All taxes, interest, penalties, costs and other amounts payable under this Act are debts due to Her Majesty and recoverable as such in the Federal Court or any other court of competent jurisdiction or in any other manner provided by this Act.

The question in this case was whether these collection powers were subject to the limitation period set out in section 32 of the CLPA. Two criteria have to be met in order for section 32 to apply:

  • The Income Tax Act must not otherwise provide for limitation periods with respect to the collection of tax debts.
  • The statutory collection procedures must qualify under section 32 as "proceedings... in respect of a cause of action."

The Supreme Court of Canada found that both criteria were met.
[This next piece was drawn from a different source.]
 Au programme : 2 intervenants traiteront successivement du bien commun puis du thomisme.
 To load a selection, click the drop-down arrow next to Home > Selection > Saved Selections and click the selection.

The Court followed the same line of thinking with respect to the provincial portion of the tax debt. The British ColumbiaIncome Tax Act did not provide for a limitation period for collections and therefore, the B.C. Limitations Actapplied to the "statutory collection proceedings undertaken by the Crown acting as collection agent for the Province of British Columbia." In addition, the Court held that the Income Tax Act is not a complete code, operating in a vacuum. The Court quoted from P. W. Hogg, J. E. Magee and T. Cook,Principles of Canadian Income Tax Law (3rd ed. 1999), saying the " Income Tax Act relies implicitly on the general law."
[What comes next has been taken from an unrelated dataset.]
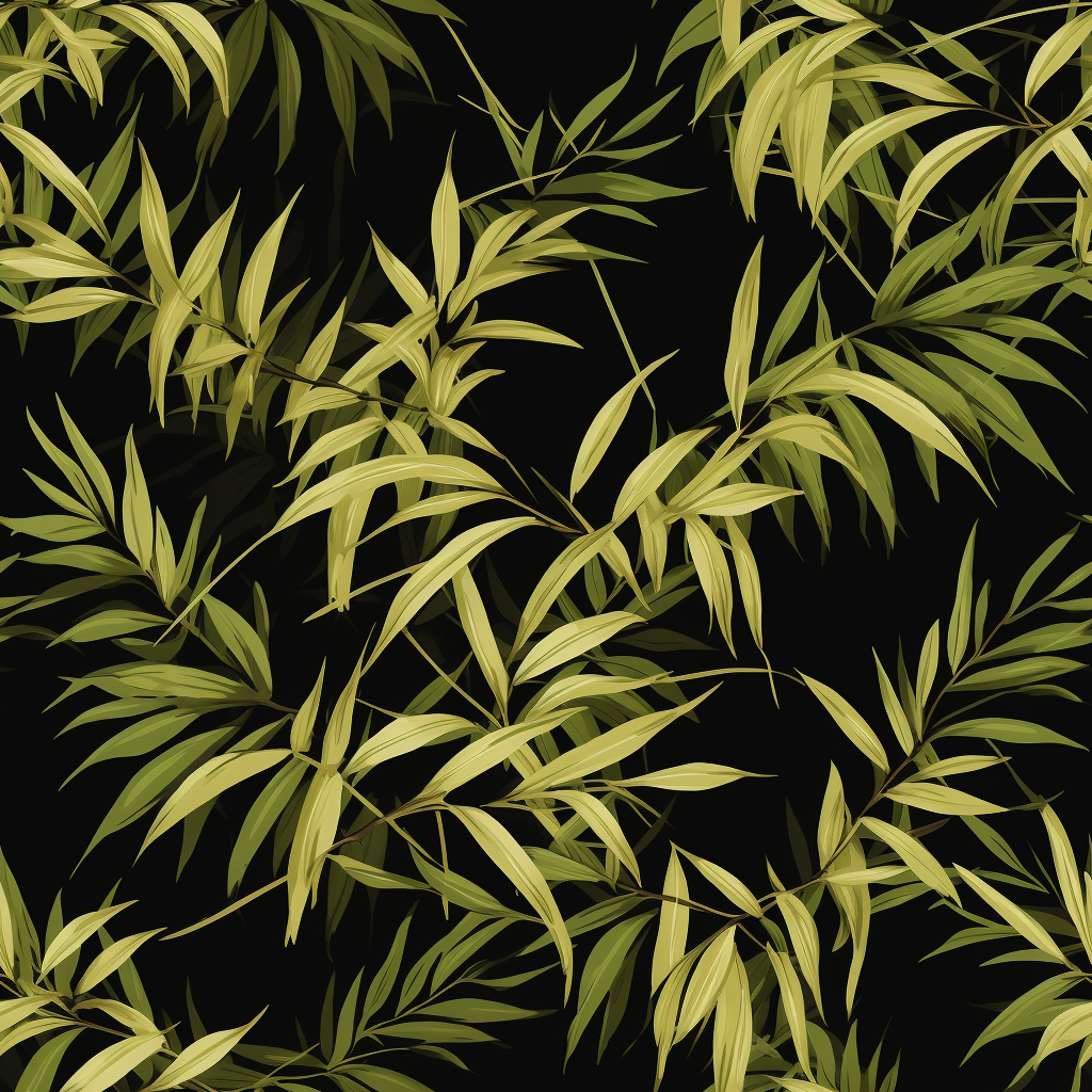 Download for Free!This seamless pattern features bamboo foliage on a black background, with realistic hyper-detail and leaf patterns. The yellow and green colors add a pop of color to the dark background, creating a tropical look and feel. The hand-drawn style of the illustration adds a unique touch, while the repeating pattern allows for versatility in its use. The crosshatching technique used in the illustration adds depth and texture to the image. This pattern would be perfect for anyone looking to add a tropical touch to their home decor or fashion accessories.

While this decision is encouraging, the Court gave the Crown a hint as to how to fix this problem in the future. In its pleadings, the Crown suggested that the Court should interpret section 222 as if it permits the collection of tax debts "at any time." The Court rejected this on the basis that it is "a basic principle of statutory interpretation that the Court should not accept an interpretation that requires the insertion of extra wording where there is another acceptable interpretation that does not require any additional wording." This suggests that the legislation could be changed to insert that wording, giving the tax department an unlimited amount of time to collect tax debts. In light of other comments made by the Court, however, the Crown is more likely to change the legislation to provide its own limitation period. This would seem reasonable, since, as the Court pointed out, "If the Minister makes no effort to collect a tax debt for an extended period, at a certain point a taxpayer may reasonably come to expect that he or she will not be called to account for the liability, and may conduct his or her affairs in reliance on that expectation."
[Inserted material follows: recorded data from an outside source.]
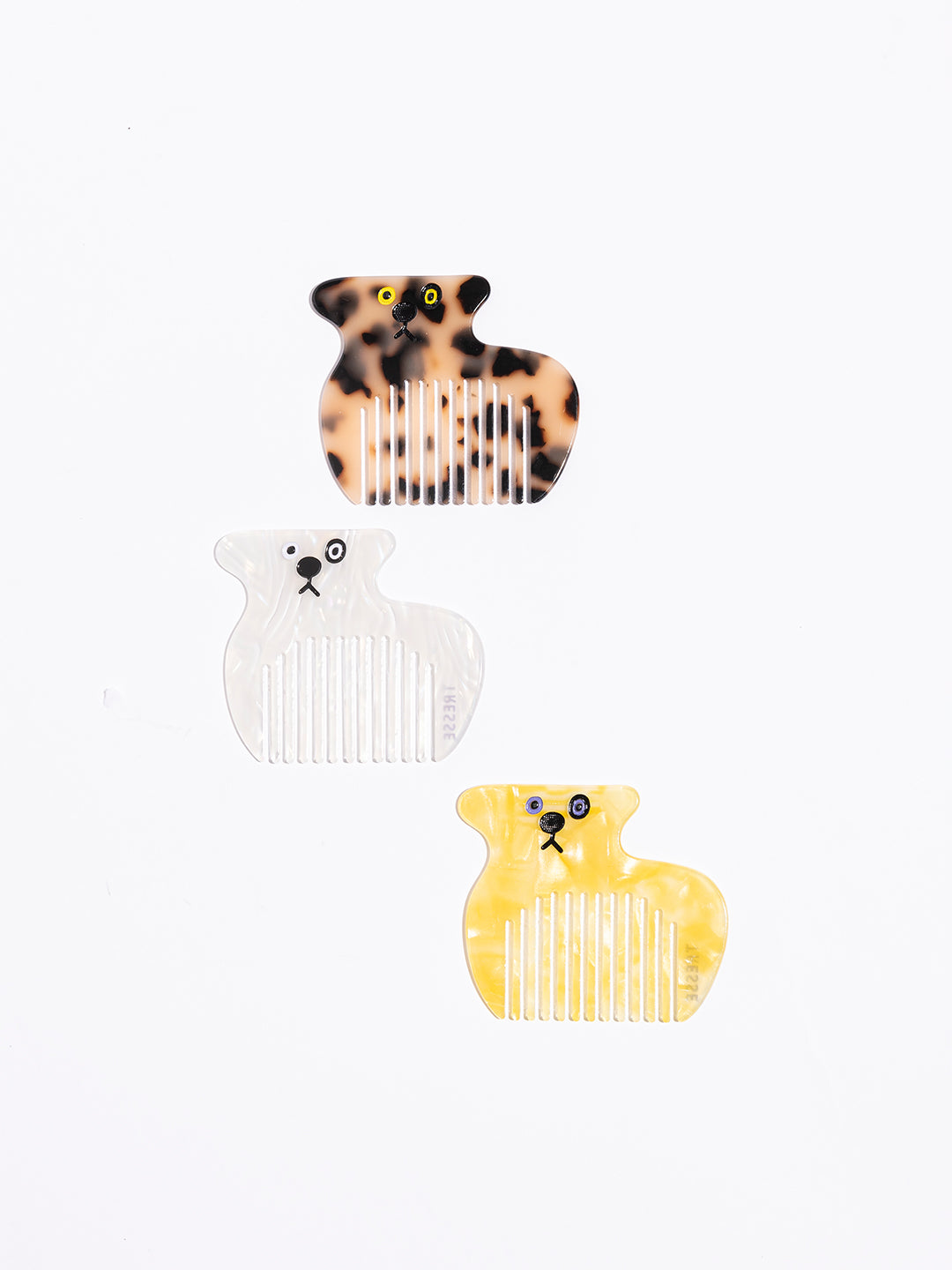 何犬ともいえないほんわり可愛い癒し系わんわんコームです。静電気を抑えるアセテート素材で、薄めのコームは前髪や顔わまりのセットに適していますので、持ち運んでいただくのにぴったりのサイズ感です。毎日つれて行きたくなるような可愛さと実用性を兼ね揃えています。オリジナルのケース付き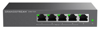 Grandstream GWN7700P - Unmanaged Network Switch, 5x GbE RJ45, 4x PoE 802.3 af/at, up to 30W per port, 60W total power budget, metal case, 53.5V/1.22A PSU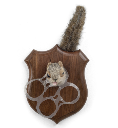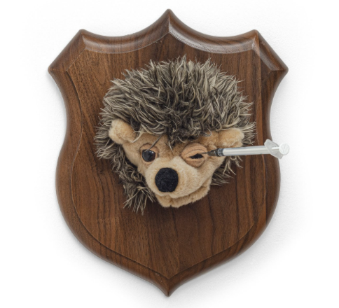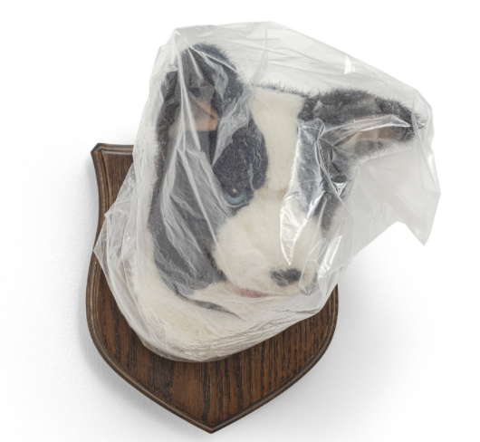 Soft Toys are Banksy’s version of hunter’s taxidermy trophies. Mounted onto a wooden plaque, the animal is made to look like a hunting trophy while we gloss over the fact that it is also a victim of the hunter’s desire to kill for sport. Certainly, animals are also the victims of humanity’s centuries long habit of pollution and ecological destruction.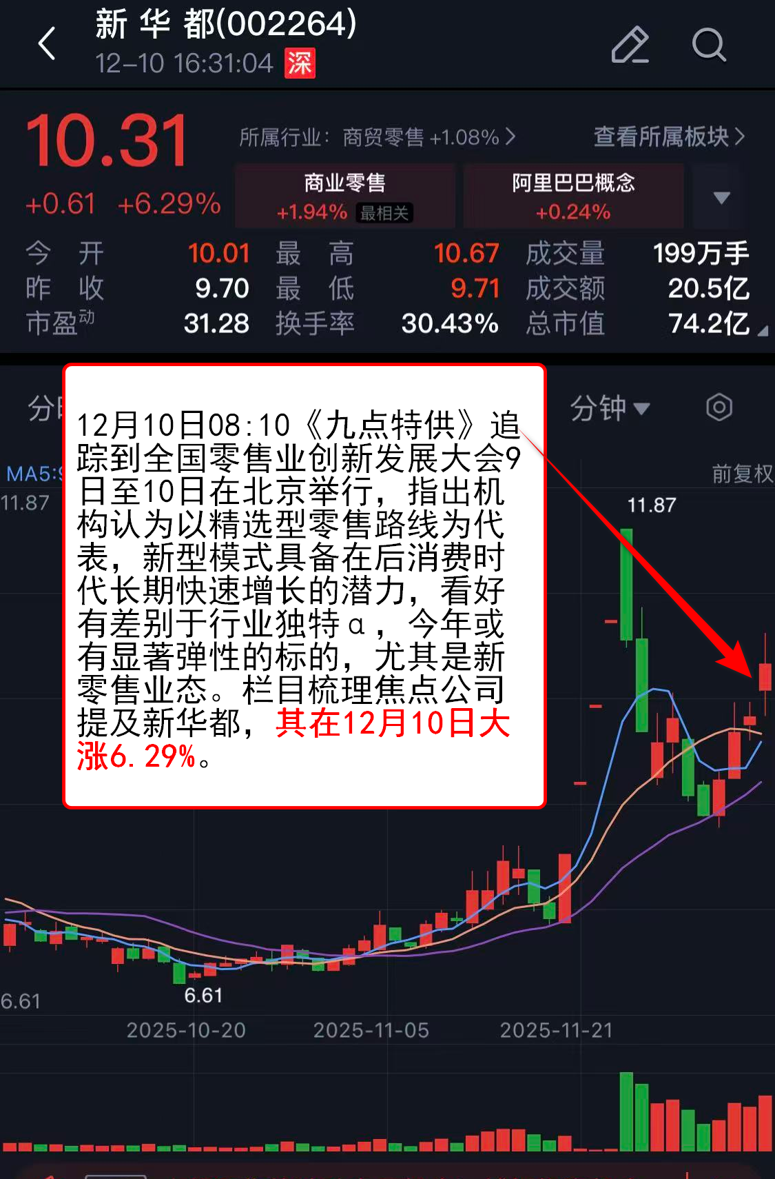 12月10日08:10《九点特供》追踪到全国零售业创新发展大会9日至10日在北京举行,指出机构认为以精选型零售路线为代表,新型模式具备在后消费时代长期快速增长的潜力,看好有差别于行业独特α,今年或有显著弹性的标的,尤其是新零售业态。栏目梳理焦点公司提及新华都,其在12月10日大涨6.29%。

To give anyone unlimited power is not in the country's best interests, and I would be surprised if Parliament allowed that to happen. As well, this decision could have far-reaching implications, since it may well be applicable to other government agencies, both federal and provincial, that attempt to collect money after the limitation period set out in the Crown Liability and Proceedings Act and corresponding provincial legislation.

Professional Passion

I can only imagine what Markevich must have felt when he opened the envelope from the CCRA and saw that he owed $770,583 in back taxes. Personally, I would have had to breathe into a paper bag for a few hours. Markevich was very concerned that having this amount included on any requirements to pay issued to his creditors would have a very negative impact on his ability to conduct business. I would venture to guess that it could result in his not being able to conduct business at all.

As I said earlier, the case brought back memories of the time when I was ruled by passion rather than reason, when admiring clients and colleagues would congratulate me on not being afraid to take on the enemy. It was also a time when I lost a lot more cases than I won, but I made a lot of noise doing so. It took a few years to realize that, while huffing and puffing may impress some, the professional approach was by far more successful. Nevertheless, it is gratifying to see that the Courts do not consider the CCRA to be above the law.